This story touches on so many different aspects of my own personal history that I hope I can lend some helpful advice.

Most Importantly: Your husband and his religious conditioning and the guilt associated with his inability to finish seminary. Forget the financial aspect. As John Lee stated buckle down and revise your budget. I have a strong impression your husband feels the need to help people through his profession. Working in the field of finance is just not going to coincide with that desire. What about using his education to get an advanced degree in counseling? What about being a Marriage and Family Therapist?
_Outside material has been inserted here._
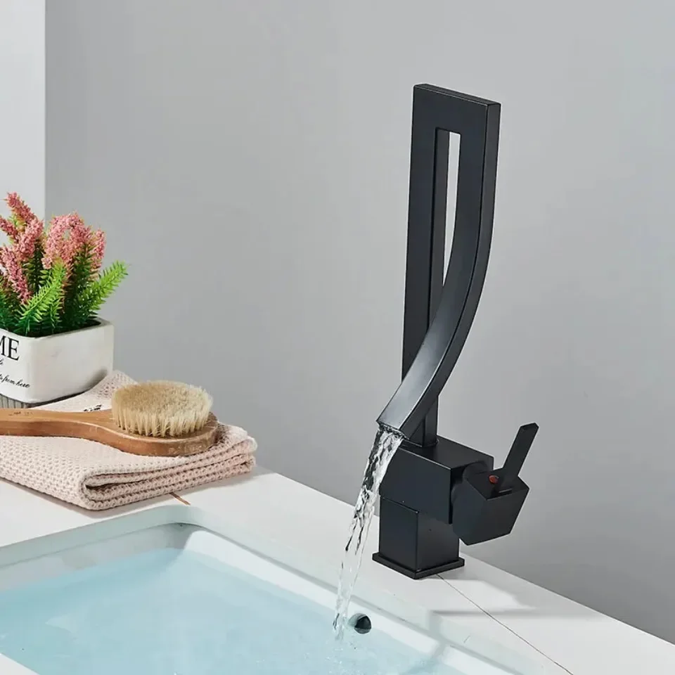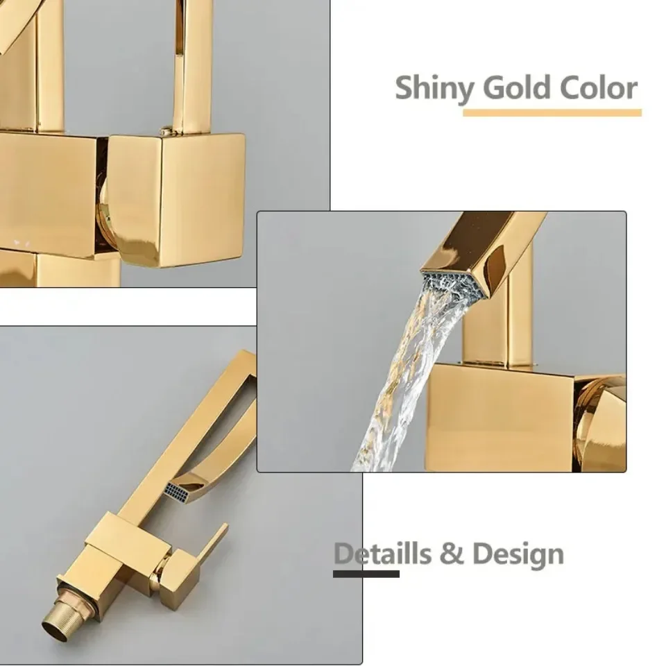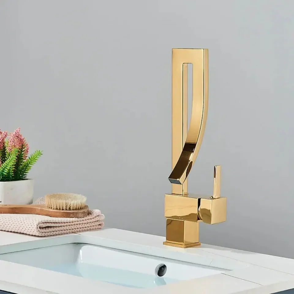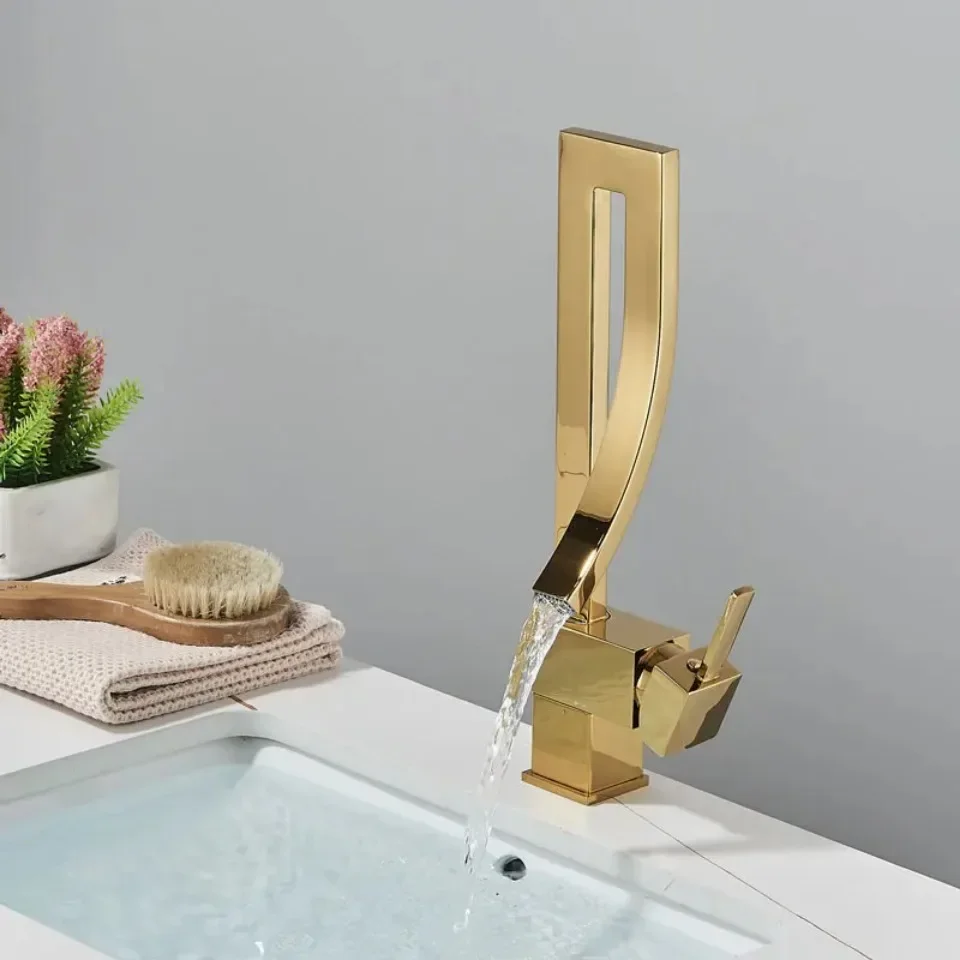 ก๊อกน้ำอ่างล้างหน้าห้องน้ำสีทองเงา แบบหมุนปรับน้ำร้อน-น้ำเย็น ก๊อกผสมสำหรับอ่างล้างหน้า วัสดุทองเหลืองชุบโครเมียมและนิกเกิลสีดำ ดีไซน์น้ำตก

What about a transition into becoming a Financial Recruiter or Headhunter. One of the most rewarding careers I ever had in my life personally and financially. I had no financial background but I love people and it made me successful and trusted in the industry. 

I agree with the other posters that he is being set up to be terminated or forced out because he will not be able to take another demotion or will just burn out. 
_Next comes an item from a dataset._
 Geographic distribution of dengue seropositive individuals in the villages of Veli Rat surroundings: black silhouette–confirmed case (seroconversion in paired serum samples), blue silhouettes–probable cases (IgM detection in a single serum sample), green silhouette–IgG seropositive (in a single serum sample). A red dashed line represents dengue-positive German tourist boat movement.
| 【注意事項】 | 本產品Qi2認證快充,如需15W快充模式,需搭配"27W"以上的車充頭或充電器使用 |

You: Quit taking the abuse at the retailer. You are a grown woman let them know they need to lose the attitude or you are walking. by the way I used to be a Buyer for one of the largest retailers in the country. I was very well respected. A couple of years ago due to the change in the economy I found myself stocking shelves at Target at Christmas. I established boundary's pretty quick with all the hot shots who could barely string a sentence together. Do not be afraid to lose that job (again budget issue).
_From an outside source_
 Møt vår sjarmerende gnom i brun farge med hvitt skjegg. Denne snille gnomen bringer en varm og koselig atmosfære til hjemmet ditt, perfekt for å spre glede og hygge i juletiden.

Continue to be supportive and let your husband know you want him to be successful and content. I take this very seriously. I do not underestimate what kind of toll his failure could do to your marriage. I have lived it personally. I am more than willing to help in anyway I can so if you are in the US I am sure I can help him get connected to a network of people that can help him find a different opportunity or put him in another direction. Feel free to PM me anytime.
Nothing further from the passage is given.